For decades, Sharon Simmons has struggled to keep her multiple personalities from taking control of her life.

By KIMBERLY O'BRIEN
THE ROANOKE TIMES

   Sharon Simmons gathers stones.

    Big stones, little stones, smooth stones. She puts them in a pile. Methodically, carefully, deliberately.

    The task calms her. Safe in her yard, crouched near a creek, she focuses on the stones and tries to forget her demons.

    Her demons are many. And they're inside her head. At least 18 of them, each a distinct personality.

    Simmons has dissociative identity disorder, which means she has multiple personalities. The longtime Southeast Roanoke resident was diagnosed 20 years ago, but she's lived with it all her life.

    She has coped with the disorder more effectively at some times than others during her 53 years. But her memory is spotty. She doesn't remember her childhood. She can't recall the first of her four marriages.

    Since her diagnosis in 1982, she's drifted in and out of therapists' offices. She's had to deal with a skeptical sister, friends who haven't stuck around during the bad times and news that a former doctor was accused of implanting false memories in patients.

    After being fairly stable for about five years, her disorder took a turn last year when she began "switching" personalities more often. Then, last September, she was arrested on a charge of drunken driving.

    She says she wasn't driving - one of her other personalities was.

***

    Simmons was born Sharon Leigh Hayes on July 12, 1948, and grew up in Northwest Roanoke's Washington Heights neighborhood. She remembers little of her childhood except what she's seen in her grandmother's scrapbooks and learned from relatives. But there are glimpses of the demons - her 1964 yearbook from Monroe Junior High School is inscribed "Sherry Hayes."

    Sherry is one of her "alters."

    When she was 15, her mother died in a car wreck, killed by a drunk en driver who was fleeing police. She remembers her mother taking her to bars and says she thinks some of her alters might have emerged then - like Sherry, one of the flirty ones.

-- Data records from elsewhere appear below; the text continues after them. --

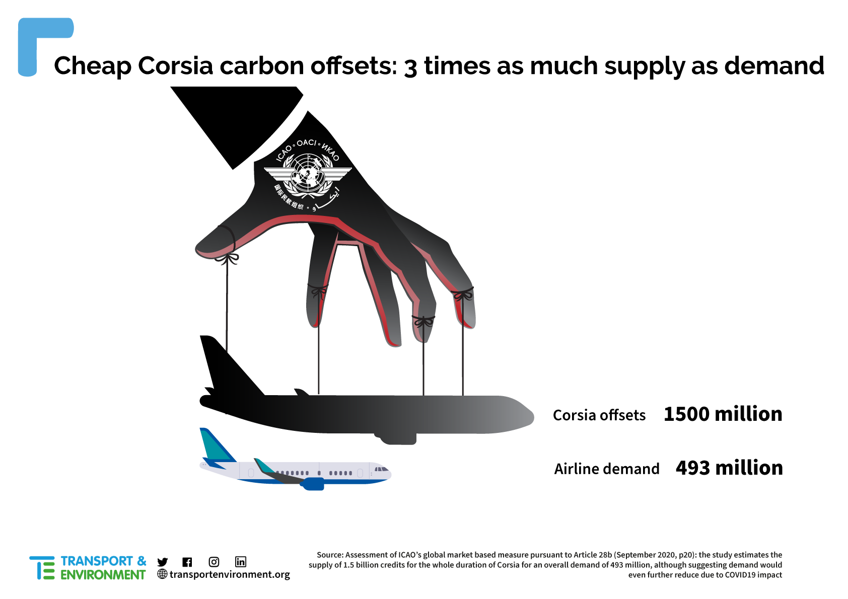 • At less than €1, carbon offsets will be too cheap to deter airlines from growing their emissions.[2] (p20). There is currently an excess supply of carbon offsets due to a weakening of the Corsia rules following industry lobbying last year, with three times as much supply than demand.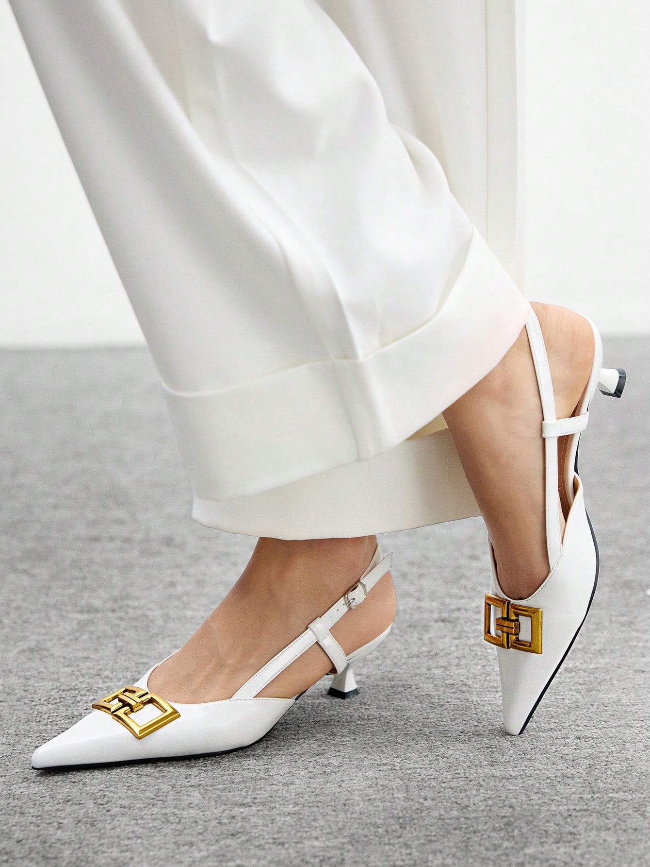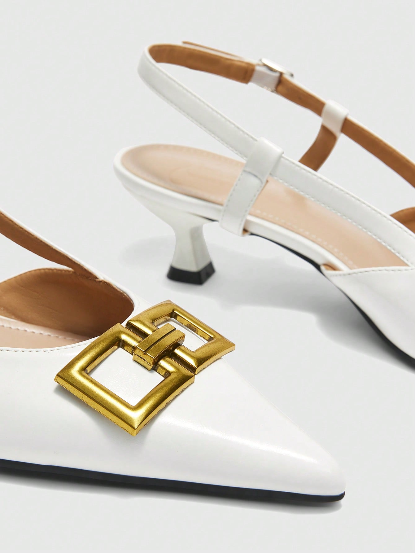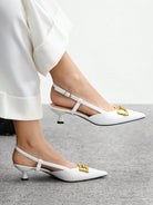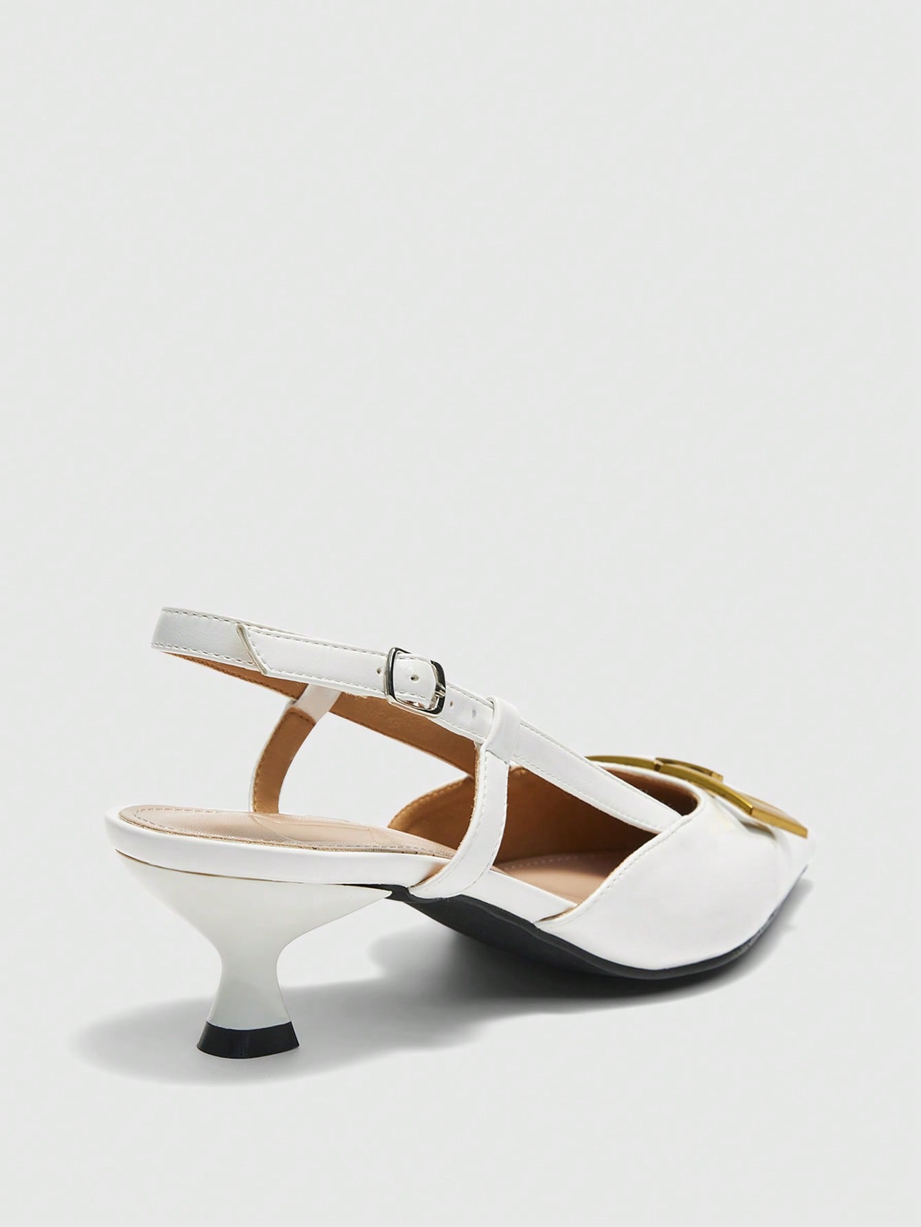 CUCCOO BIZCHIC Fashionable Women Pointed Toe Chain Decor Slingback Kitten Heel Pumps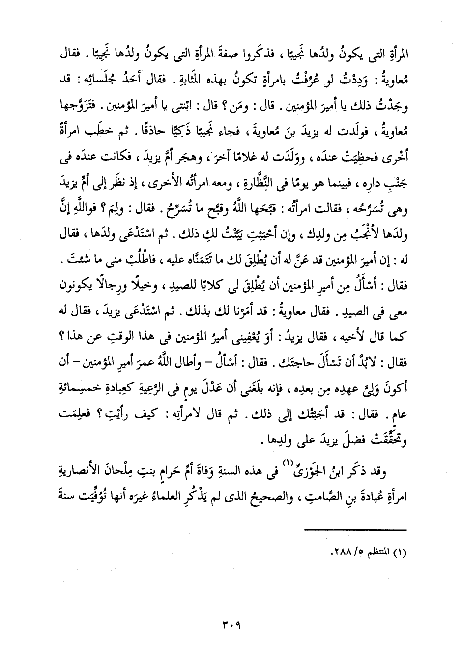 الْمَرْأَةِ الَّتِي يَكُونُ وَلَدُهَا نَجِيبًا، فَذَكَرُوا صِفَةَ الْمَرْأَةِ الَّتِي يَكُونُ وَلَدُهَا نَجِيبًا. فَقَالَ مُعَاوِيَةُ: وَدِدْتُ لَوْ عُرِّفْتُ بِامْرَأَةٍ تَكُونُ بِهَذِهِ الْمَثَابَةِ. فَقَالَ أَحَدُ جُلَسَائِهِ: قَدْ وَجَدْتُ ذَلِكَ يَا أَمِيرَ الْمُؤْمِنِينَ. قَالَ: وَمَنْ؟ قَالَ: ابْنَتِي يَا أَمِيرَ الْمُؤْمِنِينَ. فَتَزَوَّجَهَا مُعَاوِيَةُ، فَوَلَدَتْ لَهُ يَزِيدَ بْنَ مُعَاوِيَةَ، فَجَاءَ نَجِيبًا ذَكِيًّا حَاذِقًا. ثُمَّ خَطَبَ امْرَأَةً أُخْرَى فَحَظِيَتْ عِنْدَهُ، وَوَلَدَتْ لَهُ غُلَامًا آخَرَ، وَهَجَرَ أُمَّ يَزِيدَ، فَكَانَتْ عِنْدَهُ فِي جَنْبِ دَارِهِ، فَبَيْنَمَا هُوَ يَوْمًا فِي النَّظَّارَةِ، وَمَعَهُ امْرَأَتُهُ الْأُخْرَى، إِذْ نَظَرَ إِلَى أُمِّ يَزِيدَ وَهِيَ تُسَرِّحُهُ، فَقَالَتِ امْرَأَتُهُ: قَبَّحَهَا اللَّهُ وَقَبَّحَ مَا تُسَرِّحُ. فَقَالَ: وَلِمَ؟ فَوَاللَّهِ إِنَّ وَلَدَهَا لَأَنْجَبُ مِنْ وَلَدِكِ، وَإِنْ أَحْبَبْتِ بَيَّنْتُ لَكِ ذَلِكَ. ثُمَّ اسْتَدْعَى وَلَدَهَا، فَقَالَ لَهُ: إِنَّ أَمِيرَ الْمُؤْمِنِينَ قَدْ عَنَّ لَهُ أَنْ يُطْلِقَ لَكَ مَا تَتَمَنَّاهُ عَلَيْهِ، فَاطْلُبْ مِنِّي مَا شِئْتَ. فَقَالَ: أَسْأَلُ مِنْ أَمِيرِ الْمُؤْمِنِينَ أَنْ يُطْلِقَ لِي كِلَابًا لِلصَّيْدِ، وَخَيْلًا وَرِجَالًا يَكُونُونَ مَعِي فِي الصَّيْدِ. فَقَالَ مُعَاوِيَةُ: قَدْ أَمَرْنَا لَكَ بِذَلِكَ. ثُمَّ اسْتَدْعَى يَزِيدَ، فَقَالَ لَهُ كَمَا قَالَ لِأَخِيهِ، فَقَالَ يَزِيدُ: أَوَيُعْفِينِي أَمِيرُ الْمُؤْمِنِينَ فِي هَذَا الْوَقْتِ عَنْ هَذَا؟ فَقَالَ: لَا بُدَّ أَنْ تَسْأَلَ حَاجَتَكَ. فَقَالَ: أَسْأَلُ - وَأَطَالَ اللَّهُ عُمُرَ أَمِيرِ الْمُؤْمِنِينَ - أَنْ أَكُونَ وَلِيَّ عَهْدِهِ مِنْ بَعْدِهِ، فَإِنَّهُ بَلَغَنِي أَنَّ عَدْلَ يَوْمٍ فِي الرَّعِيَّةِ كَعِبَادَةِ خَمْسِمِائَةِ عَامٍ. فَقَالَ: قَدْ أَجَبْتُكَ إِلَى ذَلِكَ. ثُمَّ قَالَ لِامْرَأَتِهِ: كَيْفَ رَأَيْتِ؟ فَعَلِمَتْ وَتَحَقَّقَتْ فَضْلَ يَزِيدَ عَلَى وَلَدِهَا.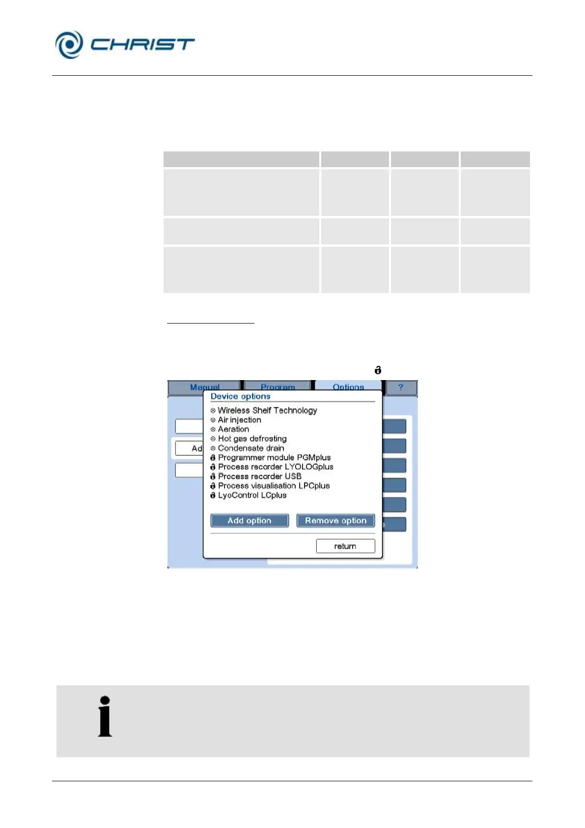 If the freeze-dryer is to be extended by an option, this option must be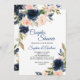 Marinho Azul e Casais Florais Blush Convite para C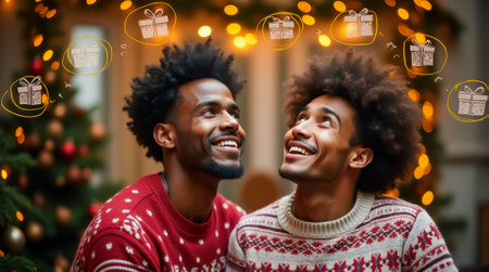 A joyful interracial male couple gazes upwards, smiling with dreams of gifts in a warm, festive atmosphere filled with twinkling lights, celebrating togetherness.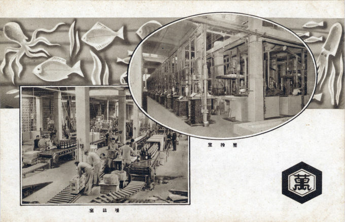 - Kikkoman’s Kakogawa shoyu factory at Takasago, Osaka, c. 1930. The moromi is mechanically pressed and sauce extracted from the mash (right). Then, after clarification and heating to stop fermentation, the soy sauce is bottled and labeled (left) for distribution and sale.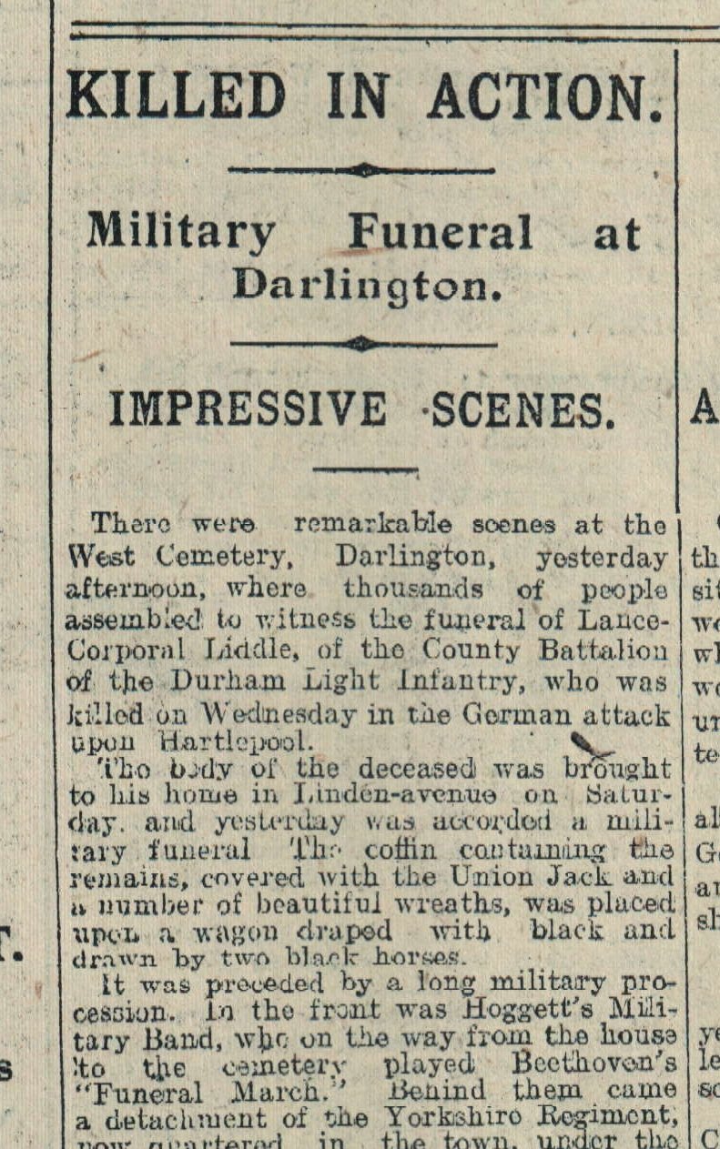 And he died in one of the notorious incidents of the war – the bombardment of Hartlepool.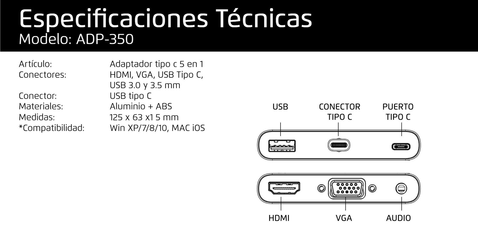 No dejes de utilizar tus periféricos y dispositivos sólo porque tu equipo no cuenta con todos los tipos de entradas que requieres. El adaptador cinco en uno ADP-350 de Vorago te permite conectar lo que desees de forma sencilla y portátil.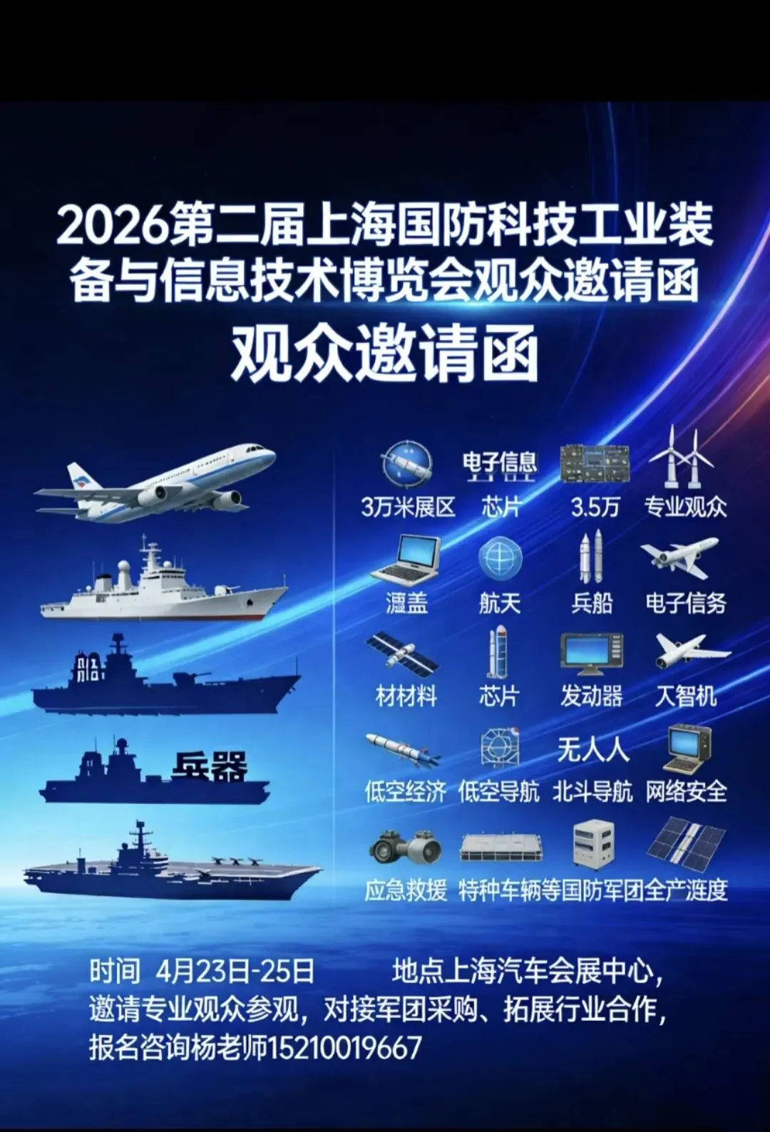 2026第二届上海国防科技工业装备与信息技术博览会,将于4月23-25日在上海汽车会展中心举办。展出面积30000+平方米,专业观众35000+人次,军工科研6000+人次。立足华东,辐射全球国防军工市场,聚焦运载火箭、发动机、特种电子元器件、半导体产业、精密陶瓷、微波射频、电磁兼容、武器装备智能化、雷达系统、特种计算机、激光及光电子、军工自动化、工业机器人、动力传动、智能制造、军民两用新材料及制品、军工复合材料、军工装备配套产品、精密加工、增材制造和3D打印、军工装备试验、惯性导航、传感器、仪器仪表、国产化信创产业、网络安全、军事通信系统、通信保密、指挥控制、数据中心、电池电源、后勤装备、应急救援装备、特种车辆、方舱、光电系统、无人机整机、反无人机装备、特种机器人、训练器材、野营装具、卫勤医疗、油料装备、炊事装备、防弹装备、单兵装备、物流装备、综合保障装备等前沿技术装备。

    She married her high school boyfriend in 1967, a year after graduating. The marriage lasted more than two years. he has photographs of him in an album, but she can't remember the marriage and doesn't know why it ended.

    She married her second husband in 1970. That marriage didn't last long either.

    It was 1977 when her blackouts got so out of control that she finally saw a therapist.

    "I woke up one morning, and I realized I had lost a whole evening," she says. "I thought I was going crazy. I

   was losing time, days, weeks, months. That's when it exploded."

    Simmons succeeded only in baffling her doctors. She married twice more, in 1979 and 1981. Neither marriage lasted long. (Inability to sustain relationships is a characteristic of the disorder.) She lost jobs for reasons she didn't always know.

    She'd visit the Vinton Moose Lodge, and people would call her by different names.

    In 1982, a therapist suspected Simmons had multiple personalities and referred her to Dr. Bennett Braun, a renowned expert on the disorder. She went to see him in Chicago and emerged with the diagnosis: multiple personality disorder. During Simmons' month-long stay in Chicago, Braun identified 10 personalities or fragments of personalities but noted she could have as many as 20.

    There was Sharon, age 2. Jeane, named after her mother. One who was angry and one called Fear. A clinging child. One who wanted to die and one who was seductive. Another Sharon, age 3 or 4.

    Braun later identified more: Chocolate and Carolyn. In one session, Simmons identified herself as "Gloria" when asked her name. Some personalities were right-handed, some left. There were both sexes and different races.

    "She's getting a flood of memories," Braun wrote in his notes.

    Returning home after the study, Simmons appeared in an article in The Roanoke Times.

    "My life isn't my own," she told the reporter, "because I don't have any control over it. I can't walk out of my house by myself without being afraid of what might happen or what kind of situation I might wind up in."

    In 1987, Simmons went to the National Institute of Mental Health in Bethesda, Md., to take part in a week-long study of dissociative disorders and epilepsy. Doctors reaffirmed the diagnosis.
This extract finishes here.